• The input:

········

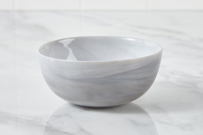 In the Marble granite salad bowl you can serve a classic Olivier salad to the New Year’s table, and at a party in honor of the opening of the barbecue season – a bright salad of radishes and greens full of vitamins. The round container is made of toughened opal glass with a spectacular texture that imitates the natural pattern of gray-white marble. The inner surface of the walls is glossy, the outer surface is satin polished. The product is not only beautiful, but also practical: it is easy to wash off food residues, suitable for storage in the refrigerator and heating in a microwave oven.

········

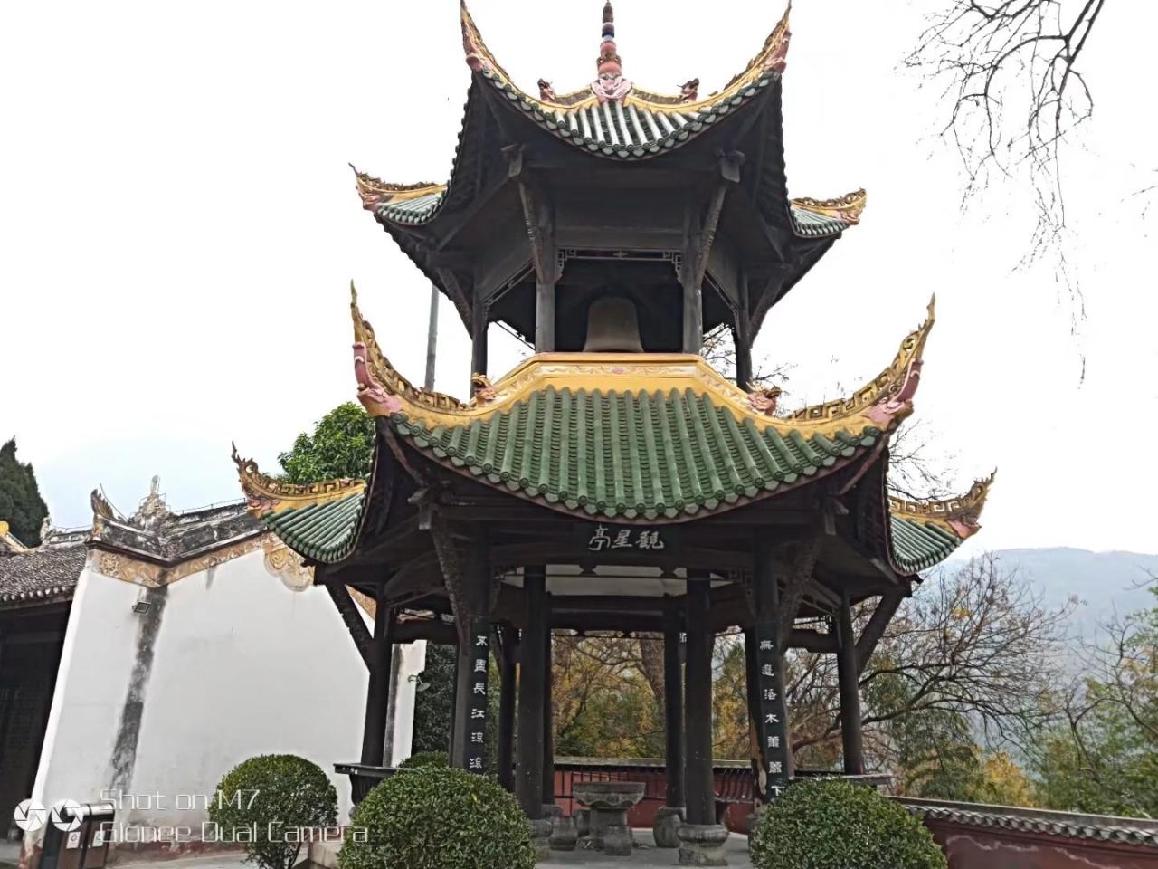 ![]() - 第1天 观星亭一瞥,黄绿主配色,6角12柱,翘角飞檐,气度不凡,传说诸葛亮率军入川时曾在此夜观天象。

········

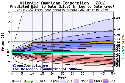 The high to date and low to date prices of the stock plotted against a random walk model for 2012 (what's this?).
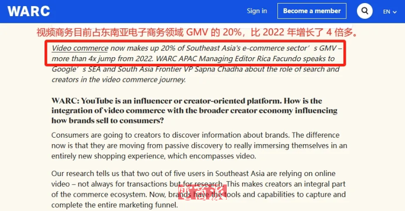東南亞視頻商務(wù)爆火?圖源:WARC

········

• What you have to do: Look above for the line with "The high to" and the line with "東南亞視頻商務(wù)爆火?圖源:WARC", then copy exactly the lines from the first through the second, both kept, with no pictures.

• The answer:
 The high to date and low to date prices of the stock plotted against a random walk model for 2012 (what's this?).
東南亞視頻商務(wù)爆火?圖源:WARC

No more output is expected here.